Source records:
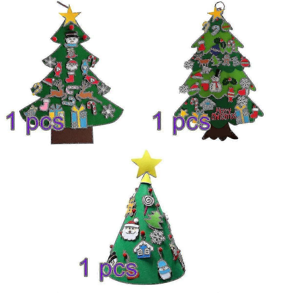 3 Pcs Felt Christmas Tree For Toddlers Wall Window Diy Ornaments
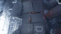 Mit unserem Pathfinder – eine Art Pip-Boy an Arianes Arm – finden wir einen Ausweg aus dem Ungetüm. Wir bekommen wirklich einen Eindruck von der Größe des Space-Shuttles. In Rutschpartien weichen wir herabfallenden Wrackteilen aus und mittels Enterhaken erklimmen wir steile Vorsprünge, während wir das Seil zum Schwingen zu neuen Plattformen nutzen. Das steuert sich alles recht eingängig und die einzelnen Bereiche des Shuttles um den Rover werden imposant in Szene gesetzt.
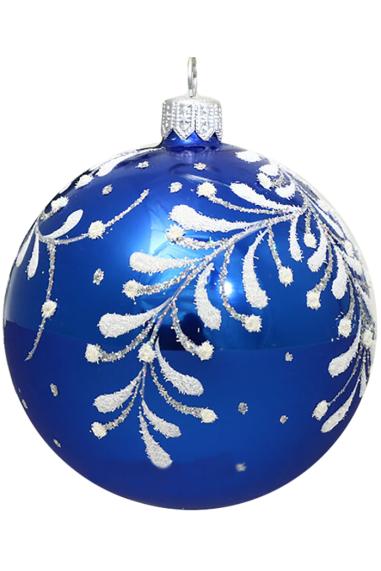 Шар выполнен из стекла в голубом цвете с эффектом аквариум и объемным витым рисунком внутри. Для удобства подвешивания игрушка имеет ушко и бархатную ленту. Диаметр 8см.
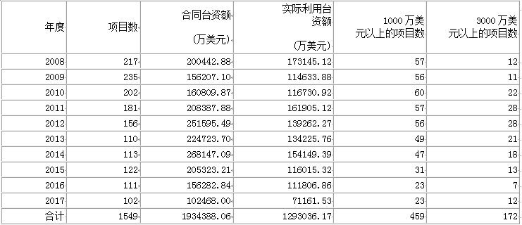 經(jīng)過山東省方方面面的共同努力,山東對臺經(jīng)貿(mào)交流合作邁入融合推進(jìn)的新階段,魯臺經(jīng)貿(mào)合作不斷深化,規(guī)模持續(xù)擴(kuò)大、領(lǐng)域不斷拓展、質(zhì)量穩(wěn)步提升,2008年-2017年山東省批準(zhǔn)臺資項(xiàng)目1549個(gè),合同臺資193.4億美元,實(shí)際利用臺資129.3億美元,臺資項(xiàng)目質(zhì)量明顯提高,大項(xiàng)目增多,截至2017年底,山東省總投資1000萬美元以上的臺資項(xiàng)目共1057個(gè),其中總投資額在3000萬美元以上項(xiàng)目210個(gè)。
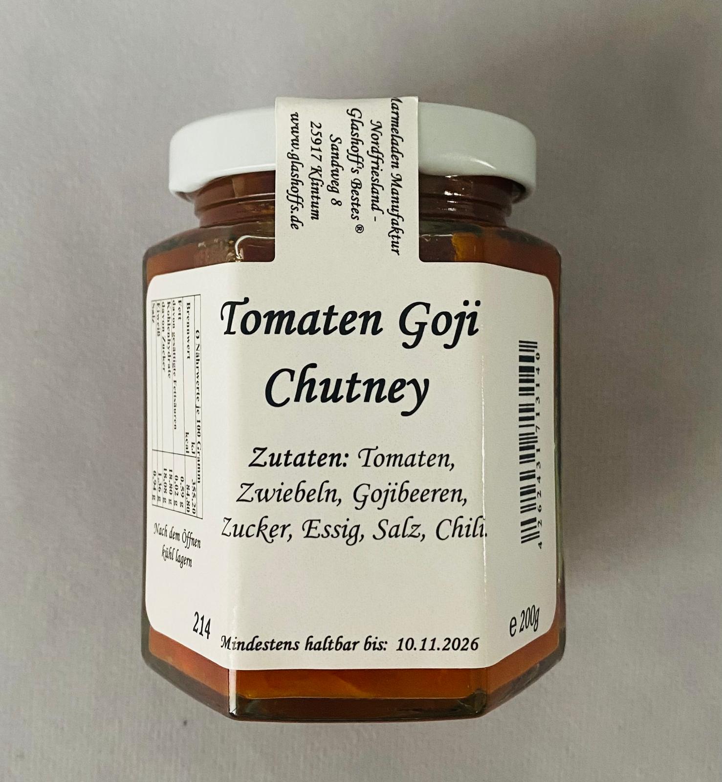 Tomaten-Goji-Chutney - aromatisch und außergewöhnlich, ideal zu Käse, Fleisch oder Antipasti, Inhalt: 200g
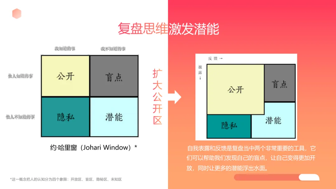工具支撑:借助约・哈里窗,通过自我表露与他人反馈,扩大公开区、减少盲点,激活潜在能力。
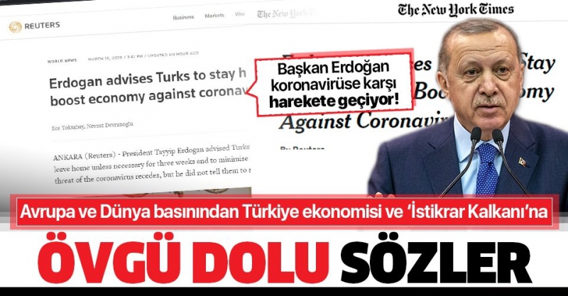 Avrupa ve dünya basını Başkan Recep Tayyip Erdoğan'ın Çankaya'daki kritik toplantının ardından açıkladığı 100 milyar liralık Ekonomik İstikrar Kalkanı paketinden övgüyle bahsetti. Reuters, Türkiye ekonomisinin geçen yılın son çeyreğinde yüzde 6 büyüdüğüne dikkat çekerken Merkez Bankası'nın planlanandan önce faizleri 100 puan düşürerek koronavirüsle mücadelede önemli bir hamle yaptığını belirtti..
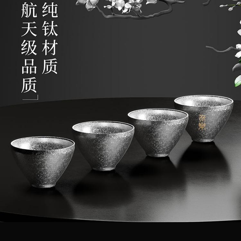 - >99.8% Titanium - 4 x 70ml Teacup - Uncoated. Unpainted. Pure Material All price including printing service for packaging & item
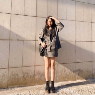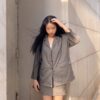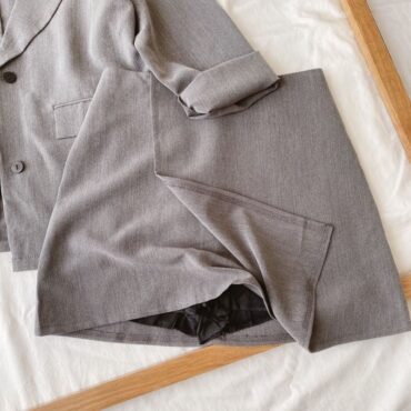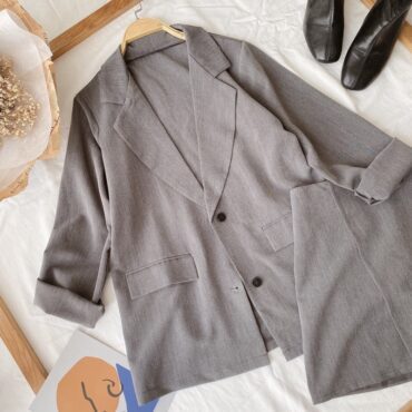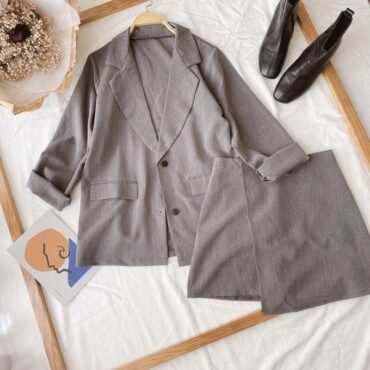 Set Vest Kẻ Xám Phối Chân Váy Chữ A Công Sở
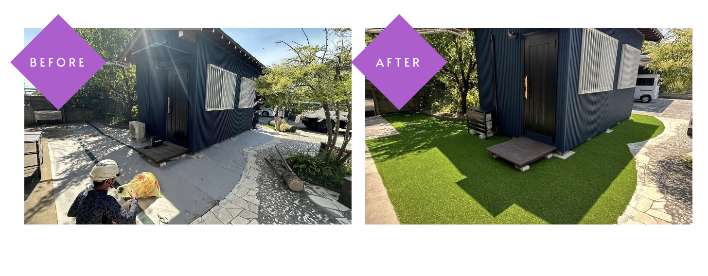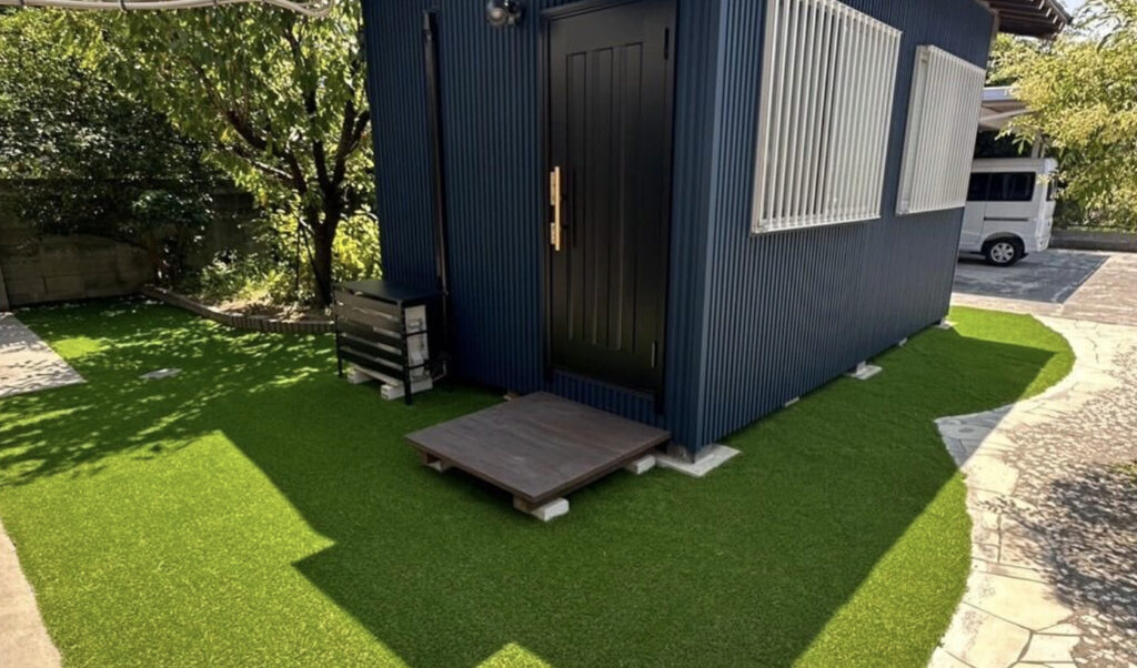 丁寧に整地し、最高級の防草シートと人工芝を組み合わせることで、「裸足で歩ける最高の遊び場」へと生まれ変わりました。
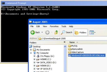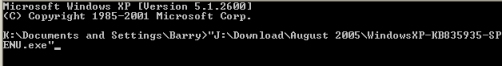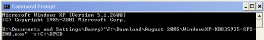 After dragging and dropping WindowsXP-KB835935-SP2-ENU.exe to the command prompt the command prompt will look something like this:
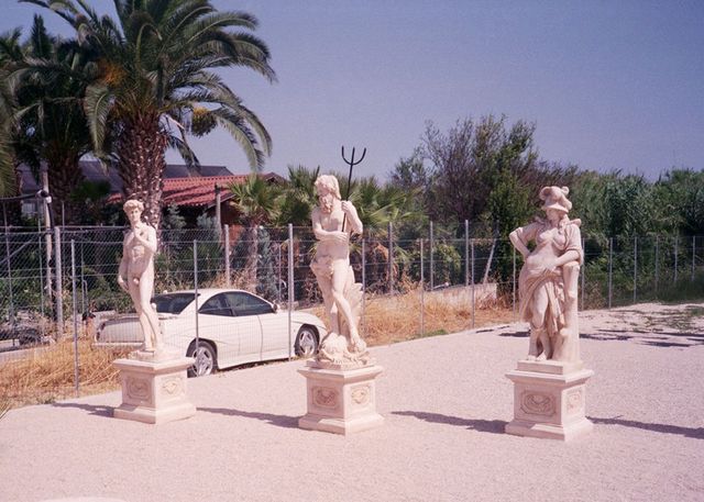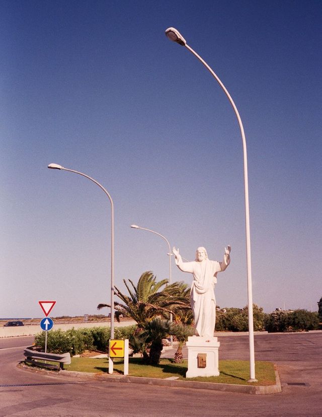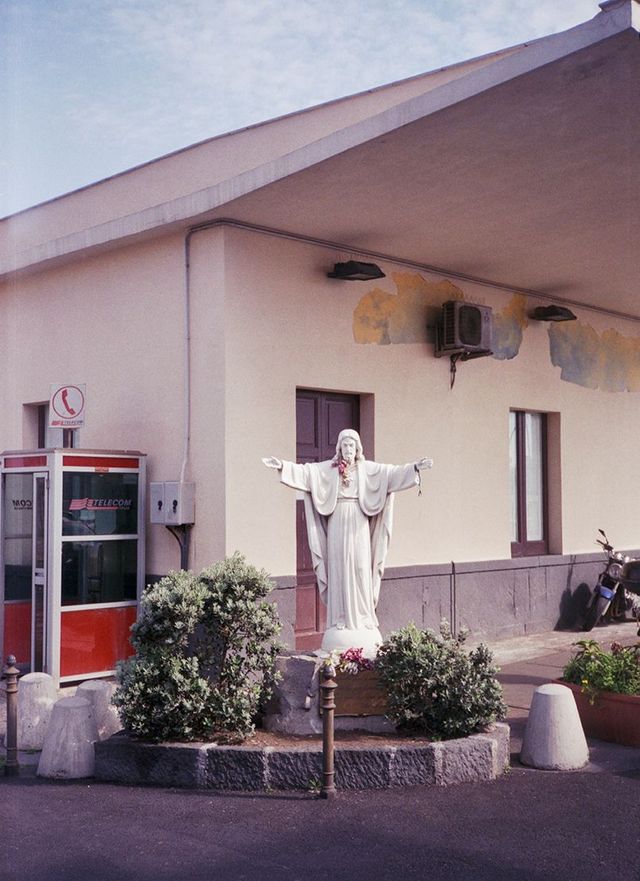Ich war schon immer Fan des Gegensatzes zwischen modern-populärer Alltagskultur und der Gegenwart von Antike und Spiritualität in Italien. Im ganzen Land sind private Gärten voll von verschiedenen Statuen, meistens stammen diese aus Massenproduktionen. Deshalb findet man klassische Kunstwerke wie den David oder andere antike Statuen überall. Aber auch religiöse Figuren, etwa Jesus Christus, stehen an Tankstellen oder auf Parkplätzen von Supermärkten.
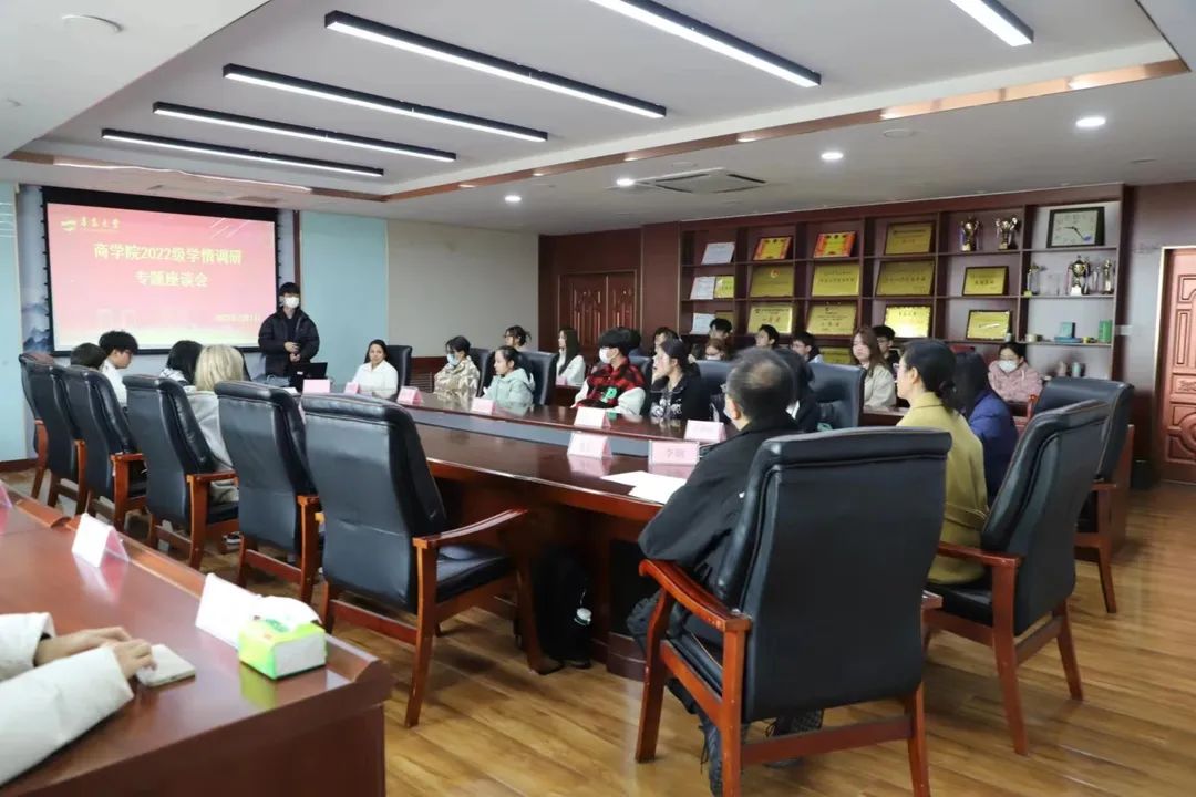 2023年3月1日上午,商学院在金家岭校区办公楼310会议室,召开2022级学情调研暨学风建设专题座谈会,商学院党委副书记尼梅颉、学工办主任李鹏以及商学院2022级40名学生代表参加座谈会。
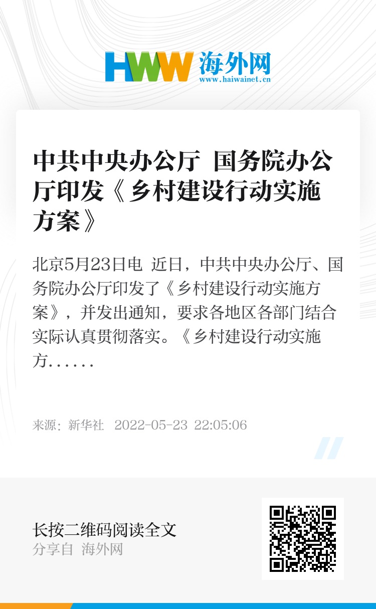 新华社北京5月23日电 近日,中共中央办公厅、国务院办公厅印发了《乡村建设行动实施方案》,并发出通知,要求各地区各部门结合实际认真贯彻落实。
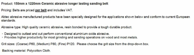 The 150mm x 1220 Ceramic belt on Ebay can be found here:

### Task prompt
Retype every record as it stands. None of the pictures should appear.

### Output below
 3 Pcs Felt Christmas Tree For Toddlers Wall Window Diy Ornaments
 Mit unserem Pathfinder – eine Art Pip-Boy an Arianes Arm – finden wir einen Ausweg aus dem Ungetüm. Wir bekommen wirklich einen Eindruck von der Größe des Space-Shuttles. In Rutschpartien weichen wir herabfallenden Wrackteilen aus und mittels Enterhaken erklimmen wir steile Vorsprünge, während wir das Seil zum Schwingen zu neuen Plattformen nutzen. Das steuert sich alles recht eingängig und die einzelnen Bereiche des Shuttles um den Rover werden imposant in Szene gesetzt.
 Шар выполнен из стекла в голубом цвете с эффектом аквариум и объемным витым рисунком внутри. Для удобства подвешивания игрушка имеет ушко и бархатную ленту. Диаметр 8см.
 經(jīng)過山東省方方面面的共同努力,山東對臺經(jīng)貿(mào)交流合作邁入融合推進(jìn)的新階段,魯臺經(jīng)貿(mào)合作不斷深化,規(guī)模持續(xù)擴(kuò)大、領(lǐng)域不斷拓展、質(zhì)量穩(wěn)步提升,2008年-2017年山東省批準(zhǔn)臺資項(xiàng)目1549個(gè),合同臺資193.4億美元,實(shí)際利用臺資129.3億美元,臺資項(xiàng)目質(zhì)量明顯提高,大項(xiàng)目增多,截至2017年底,山東省總投資1000萬美元以上的臺資項(xiàng)目共1057個(gè),其中總投資額在3000萬美元以上項(xiàng)目210個(gè)。
 Tomaten-Goji-Chutney - aromatisch und außergewöhnlich, ideal zu Käse, Fleisch oder Antipasti, Inhalt: 200g
工具支撑:借助约・哈里窗,通过自我表露与他人反馈,扩大公开区、减少盲点,激活潜在能力。
 Avrupa ve dünya basını Başkan Recep Tayyip Erdoğan'ın Çankaya'daki kritik toplantının ardından açıkladığı 100 milyar liralık Ekonomik İstikrar Kalkanı paketinden övgüyle bahsetti. Reuters, Türkiye ekonomisinin geçen yılın son çeyreğinde yüzde 6 büyüdüğüne dikkat çekerken Merkez Bankası'nın planlanandan önce faizleri 100 puan düşürerek koronavirüsle mücadelede önemli bir hamle yaptığını belirtti..
 - >99.8% Titanium - 4 x 70ml Teacup - Uncoated. Unpainted. Pure Material All price including printing service for packaging & item
 Set Vest Kẻ Xám Phối Chân Váy Chữ A Công Sở
 丁寧に整地し、最高級の防草シートと人工芝を組み合わせることで、「裸足で歩ける最高の遊び場」へと生まれ変わりました。
 After dragging and dropping WindowsXP-KB835935-SP2-ENU.exe to the command prompt the command prompt will look something like this:
Ich war schon immer Fan des Gegensatzes zwischen modern-populärer Alltagskultur und der Gegenwart von Antike und Spiritualität in Italien. Im ganzen Land sind private Gärten voll von verschiedenen Statuen, meistens stammen diese aus Massenproduktionen. Deshalb findet man klassische Kunstwerke wie den David oder andere antike Statuen überall. Aber auch religiöse Figuren, etwa Jesus Christus, stehen an Tankstellen oder auf Parkplätzen von Supermärkten.
 2023年3月1日上午,商学院在金家岭校区办公楼310会议室,召开2022级学情调研暨学风建设专题座谈会,商学院党委副书记尼梅颉、学工办主任李鹏以及商学院2022级40名学生代表参加座谈会。
 新华社北京5月23日电 近日,中共中央办公厅、国务院办公厅印发了《乡村建设行动实施方案》,并发出通知,要求各地区各部门结合实际认真贯彻落实。
 The 150mm x 1220 Ceramic belt on Ebay can be found here:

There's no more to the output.